S-adenosyl-l-homocysteine hydrolase regulates aldosterone-induced Na+ transport

James D. Stockand, Nabil F. Al-Baldawi, Otor K. Al-Khalili, Roger T. Worrell, Douglas C. Eaton

Research output: Contribution to journalArticlepeer-review

29 Scopus citations


Aldosterone-induced Na+ reabsorption, in part, is regulated by a critical methyl esterification; however, the signal transduction pathway regulating this methylation remains unclear. The A6 cell line was used as a model epithelia to investigate regulation of aldosterone-induced Na+ transport by S-adenosyl-L-homocysteine hydrolase (SAHHase), the only enzyme in vertebrates known to catabolize S-adenosyl-L-homocysteine (SAH), an end product inhibitor of methyl esterification. Sodium reabsorption was decreased within 2 h by 3-deazaadenosine, a competitive inhibitor of SAHHase, with a half inhibitory concentration between 40 and 50 μM. Aldosterone increased SAH catabolism by activating SAHHase. Increased SAH catabolism was associated with a concomitant increase in S-adenosylmethionine catabolism. Moreover, SAH decreased substrate methylation.

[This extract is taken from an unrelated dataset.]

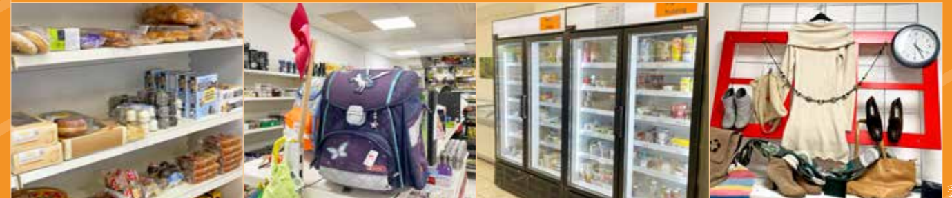
Gute Lebensmittel, Toilettartikel, Spielzeug, Kleidung, Geschirr – Vinzmarkt und Vinzishop decken die täglichen Bedürfnisse zu einem fairen Preis.

Öffnungszeiten: Mo., Mi., Fr. von 9–17 Uhr sowie Di. u. Do. von 9–12 Uhr

Antisense oligonucleotide complementary to SAHHase mRNA decreased SAHHase activity and Na+ current by approximately 50%. Overexpression of SAHHase increased SAHHase activity and dependent substrate methyl esterification. Whereas basal Na+ current was not affected by overexpression of SAHHase, aldosterone-induced current in SAHHase- overexpressing cells was significantly potentiated. These results demonstrate that aldosterone induction of SAHHase activity is necessary for a concomitant relief of the methylation reaction from end product inhibition by SAH and the subsequent increase in Na+ reabsorption. Thus, regulation of SAHHase activity is a control point for aldosterone signal transduction, but SAHHase is not an aldosterone-induced protein.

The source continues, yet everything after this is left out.